As an artist concerned with the politics of space and the power relations that play out in space, these innocuous new visual markers disrupt and undo the norms of social behaviour in public space, behaviour we have come to take for granted in our day to day lives. These currently pervasive visual codes have resulted in an almost robotic and regulated staccato-like rigidity to the way we now move in and ‘inhabit’ space. They force us to look down a lot more than we’re accustomed to doing. They function – on the horizontal plane – as instructive symbols, in the same way, that vertically oriented traffic signage functions to guide us in our obedient adherence to the conventions and rules of the road.

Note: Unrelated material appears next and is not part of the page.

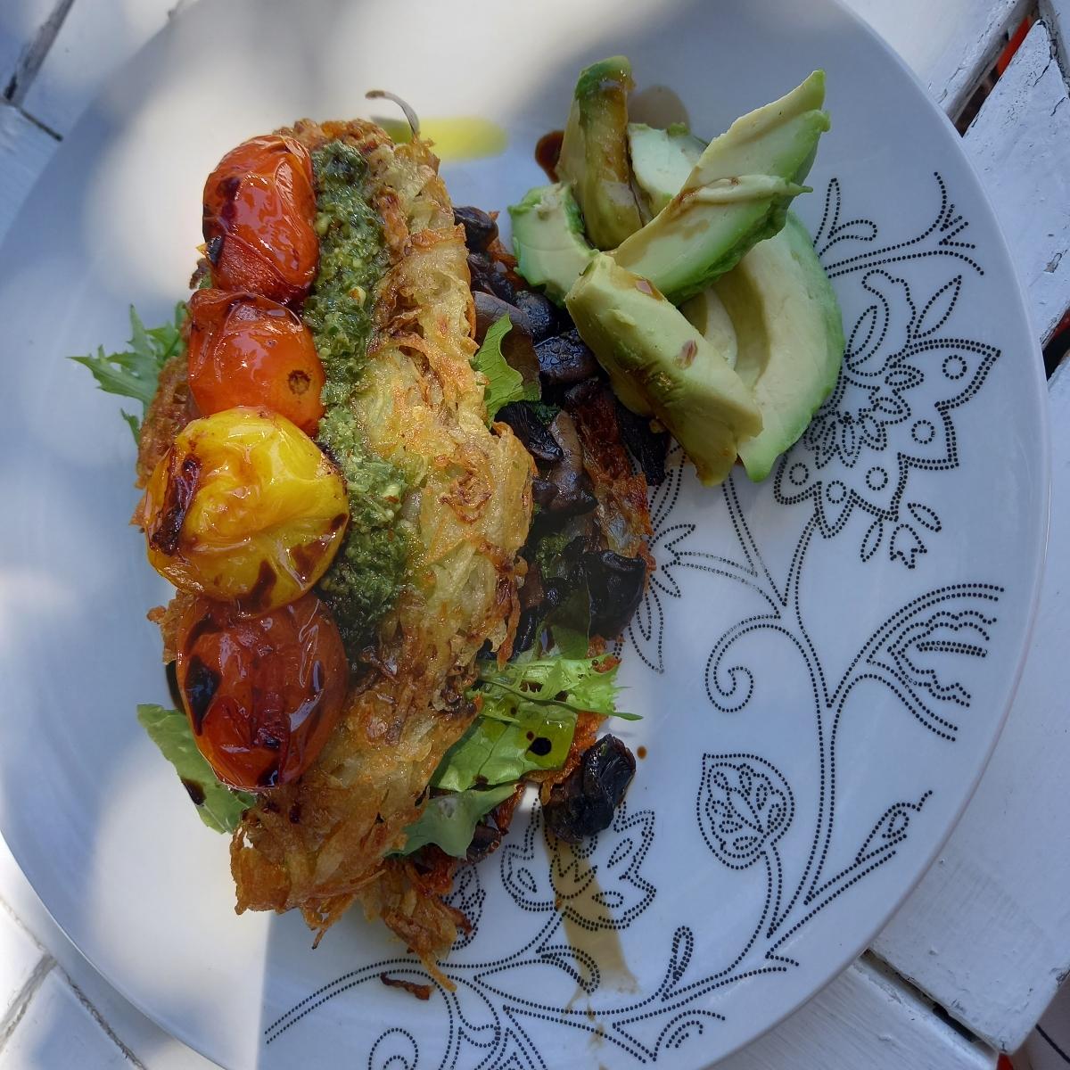 This is a rosti "sandwich" with a mushroom filling and tomatos and pesto on top. The avo is extra. Filled me up for the day!! #greytonfarmanimalsanctuary

These new symbols are markers to be used ‘for our own good’. They’re a rough guide based on a precise measure: of the now universally understood metric of 1.5-2m(!). I say ‘rough guide’ because every time a current Covid wave is on the wane, this distance between us all shrinks steadily, despite the urgency of the fixity these markers – all over our urban surface – insist on. As soon as a new wave is announced with its commensurate range of degrees of rules and limitations around movement, curfews, alcohol bans, limits of social gathering, and so on, we jump back to the prescribed distance metric. And so our frustration, insecurity, anxiety and Covid-related fatigue continue, without any real graspable sense of end, not to mention a return to a sense of normalcy.

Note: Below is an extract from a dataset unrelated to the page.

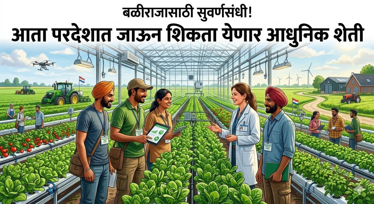 महाराष्ट्रातील शेतकऱ्यांसाठी एक मोठी आणि ऐतिहासिक संधी उपलब्ध झाली आहे. राज्य शासनाच्या कृषी विभागाने ‘राज्यातील शेतकऱ्यांची देशाबाहेरील अभ्यासदौरे योजना’ जाहीर केली असून, आता बळीराजाला थेट परदेशात जाऊन आधुनिक शेती तंत्रज्ञानाचा अनुभव घेण्याची संधी मिळणार आहे.

For this work, I have documented a range of markings, indoors and outdoors, gathered as part of the mundane rituals of everyday life, from the time we, here in South Africa, were gradually ‘released’ from the first hard lockdown of 2020 to go about our daily business. These markers occur on all the horizontal surfaces we need to traverse as users of public space – at the local mall, the bookshop, the park, the chemist, the supermarket, the gym and, more recently, our places of work, in my case the University of Johannesburg.
The markers have a generic language yet, at the same time, manage to achieve, through the luminosity of their colour use and tape-work, a surprisingly large range of signal-like diversity. Their presence tells us emphatically where to place our ‘figures’ on the precarious and uncertain ‘ground’ this global pandemic continues to threaten to pull from under our individual and collective feet.